TASK REQUIREMENTS: In the material below, find the span from the line with "DIY 5D Diamond" to the line with "Desde la 9:00" and transcribe only those lines, exactly, ends included, without the pictures.

DATA TO EXAMINE:
- - - - - - -
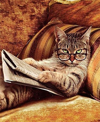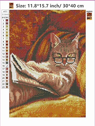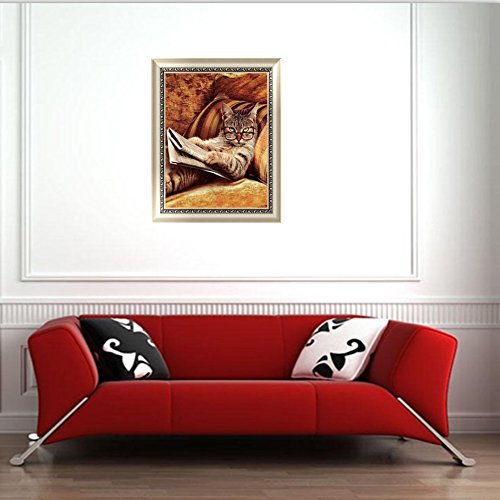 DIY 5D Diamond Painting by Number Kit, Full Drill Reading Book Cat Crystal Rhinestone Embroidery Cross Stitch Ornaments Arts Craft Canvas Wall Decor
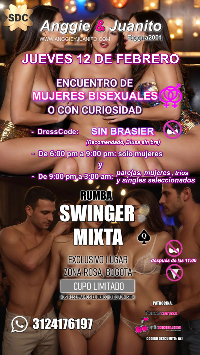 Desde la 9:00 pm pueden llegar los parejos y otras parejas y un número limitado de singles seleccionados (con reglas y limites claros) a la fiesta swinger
- - - - - - -
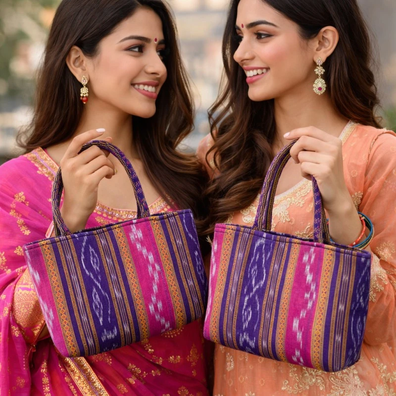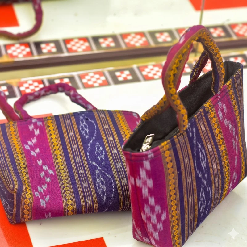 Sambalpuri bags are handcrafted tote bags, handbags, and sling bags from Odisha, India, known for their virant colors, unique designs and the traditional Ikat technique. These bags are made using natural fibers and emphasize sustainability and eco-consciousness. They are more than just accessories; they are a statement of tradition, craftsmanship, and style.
- - - - - - -
OUTPUT FOR THIS EXERCISE:
 DIY 5D Diamond Painting by Number Kit, Full Drill Reading Book Cat Crystal Rhinestone Embroidery Cross Stitch Ornaments Arts Craft Canvas Wall Decor
 Desde la 9:00 pm pueden llegar los parejos y otras parejas y un número limitado de singles seleccionados (con reglas y limites claros) a la fiesta swinger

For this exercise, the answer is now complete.